Rolling Stone once called Phish “the most important band of the ’90s,” and whether or not you like its music, it’s hard not to respect what the geeky Vermont quintet accomplished during that ambitious decade, from playing beautiful, quirky fugues and often-brilliant group improvisations at sold-out hockey arenas, to covering the likes of the White AlbumQuadrophenia and Remain in Light, to putting on festivals for crowds of 70,000.

Now all of Phish’s members, who met in college, are in their mid-fifties, and the group still hits musical heights on stage every night.
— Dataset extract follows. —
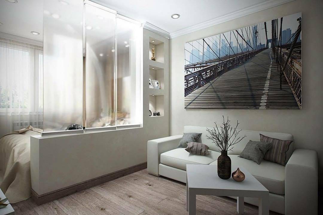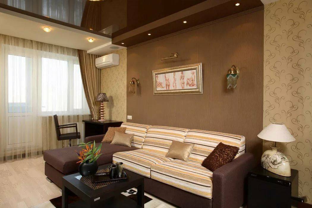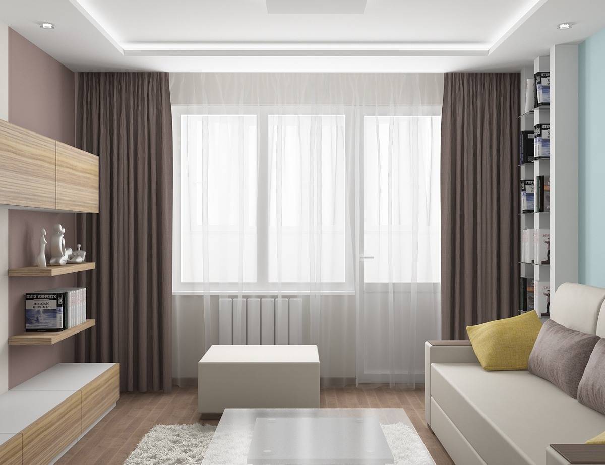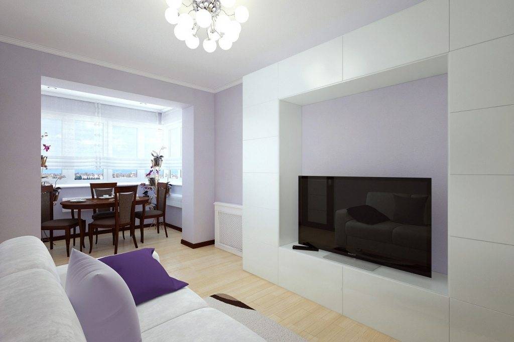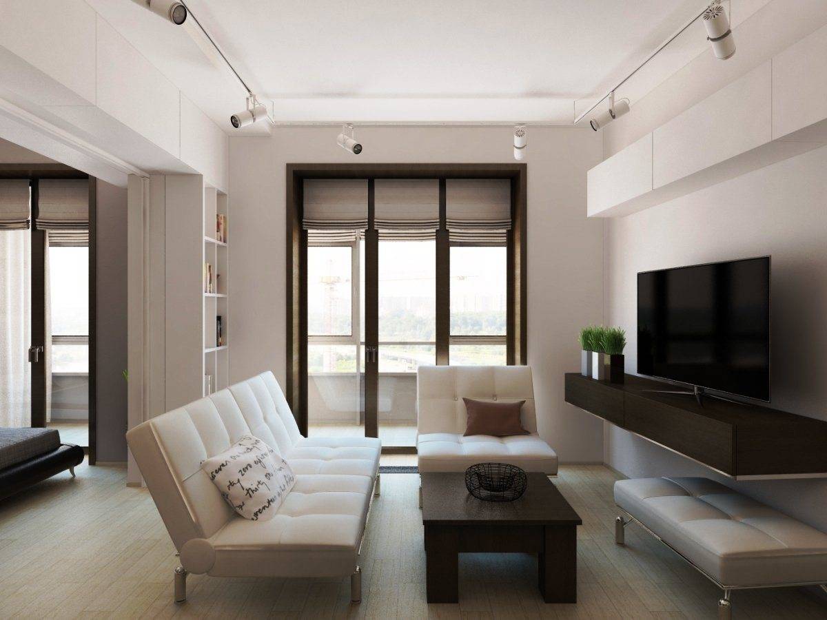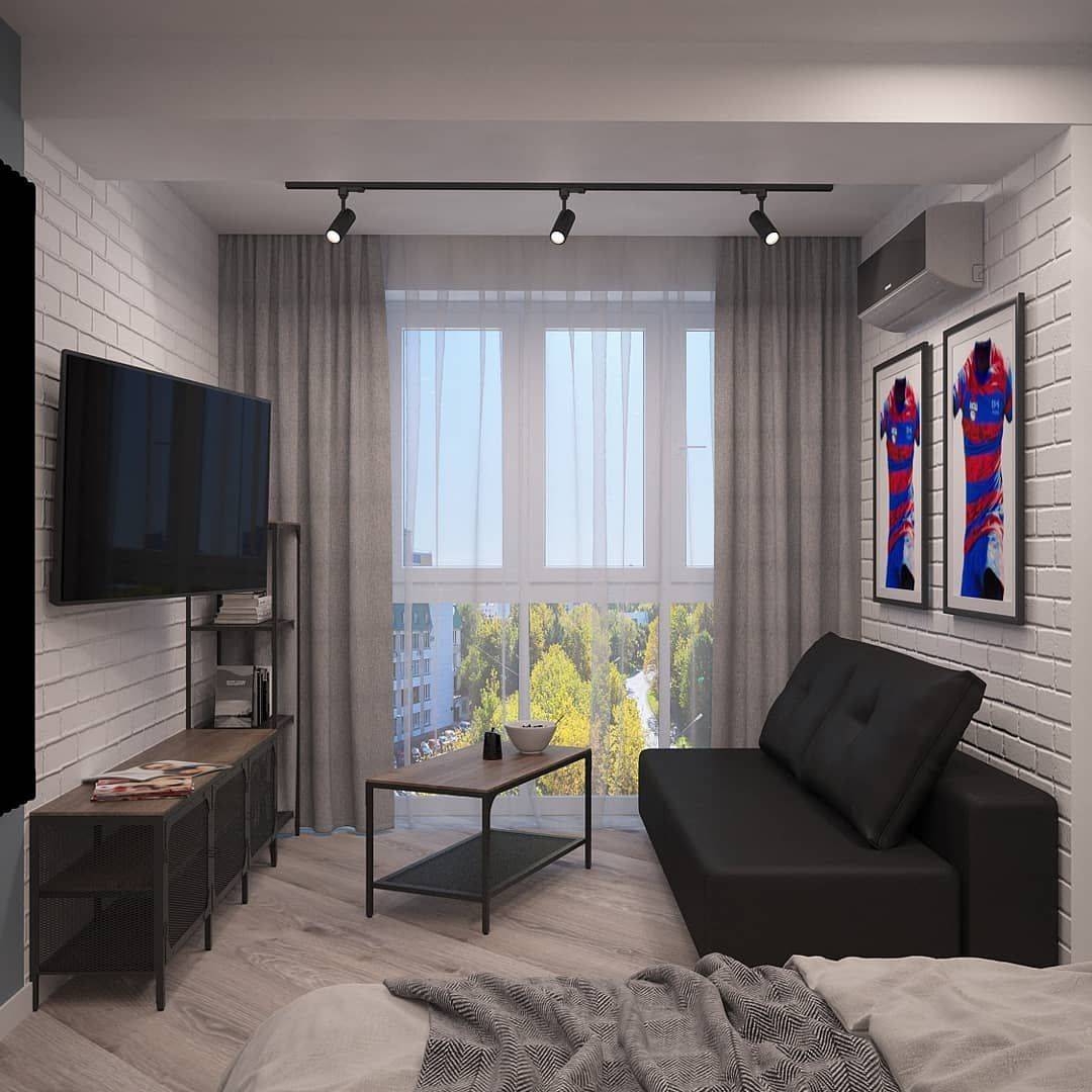 Те же самые рекомендации относятся и к однокомнатной квартире, если жилая комната выполняет функции спальни, как на фото дизайна просторной комнаты с присоединяемым балконом.

But the ’90s era of Phish making its eccentric, classical-influenced compositions like “Divided Sky” and “You Enjoy Myself” into gorgeous arena rock and writing interesting tunes like “Guyute” and “Maze” is ancient history. For a long time now, with albums such as Joy, Fuego and Big Boat, Phish has delved into what its fans playfully call “dad rock.”

But those same fans still show up en masse to see the group, as they did over the weekend for Phish’s annual Labor Day weekend run of shows at Dick’s Sporting Goods Park. “Phish Dick’s,” which the annual run is affectionately called by Phish heads, has been going on for nearly a decade, and the band most likely chooses Dick’s over Red Rocks, 1ST BANK Center and Fiddler’s Green because its cult-like fans can camp outside the 27,000-capacity venue.

Even though camping was canceled this year because of plague-infested prairie dogs, inside it was a smiley Colorado love-fest for Phish. The band is still incredibly ambitious at times, in impressive and lovable ways — from playing thirteen straight shows at Madison Square Garden a few years ago without repeating a song to writing a whole album for a fictitious Scandinavian prog-rock outfit. On Friday night at Dick’s, fans gamely waded through dad rock for intermittent peaks of marvelous guitar solos from Trey Anastasio and the group’s famously volcanic jams.